If the water becomes sandwiched between two impervious layers then enough pressure may be exerted to force water up through a hole. This is called an artesian spring.
Sanitary inspections of spring source water supplies
Protected spring-fed water supplies need regular monitoring to ensure an adequate and safe supply is maintained. A suggested frequency of sanitary inspections is at least twice a year conducted by the community and at least once a year by an external surveillance agency (see Fact Sheet 2.1). Sometimes the water supply agency may also conduct an annual sanitary inspection. In the inspection it is important that both the protected spring and the distribution system are checked.

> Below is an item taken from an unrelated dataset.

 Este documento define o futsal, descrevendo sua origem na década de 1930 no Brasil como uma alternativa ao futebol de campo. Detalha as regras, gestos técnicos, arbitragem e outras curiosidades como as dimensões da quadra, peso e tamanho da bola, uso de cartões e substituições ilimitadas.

Water quality testing should be carried out at least twice a year, once in the wet season and once in the dry season. The water coming from the spring and any storage tanks should be tested, and samples from outlets in the distribution system taken. In larger supplies, which serve many people, water quality tests should be undertaken more frequently and if chlorination is used residual chlorine should be analysed daily.

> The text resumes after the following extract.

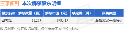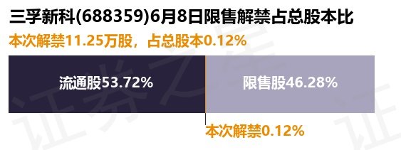 根据市场公开信息整理,三孚新科(688359)于6月8日将有11.25万股限售股份解禁上市,为公司股权激励一般股份,占公司总股本0.12%。最近一年内,该股累计解禁177.98万股,占总股本的1.92%。本次解禁后,公司还有4295.2万股限售股份,占总股本46.28%。具体如下图所示:

The key points and observations to make in a sanitary inspection of springs and distribution systems are shown in Figures 1 and 2.
Figure 1. Sanitary inspection of a spring source
Figure 2. Sanitary inspection of a distribution system
Types of springs
There are two main types of springs: gravity springs and artesian springs.
Gravity springs occur where groundwater emerges at the surface because an impervious layer prevents it from seeping downwards, or the water table is at the same height as the land. This type of spring usually occurs on sloping ground and its flow changes with variations in the height of the water table (see Figure 3). The flow tends to vary with the time of year.
Figure 3. A gravity spring
Artesian springs occur where groundwater emerges at the surface after confinement between two impervious layers of rock. The flow is very nearly constant during the year (see Figure 4).
Figure 4. An artesian spring
Why protect a spring?
After being filtered through soil and rock, groundwater is generally free from microbes and often safe to drink. However, spring water may be rapidly contaminated when it emerges at the surface, for example by contaminated surface water nearby or by wild or domestic animals, as well as by people who collect or use the water from the spring.
Protecting a spring
Springs are protected against contamination by construction of a spring catchment box and other protective measures.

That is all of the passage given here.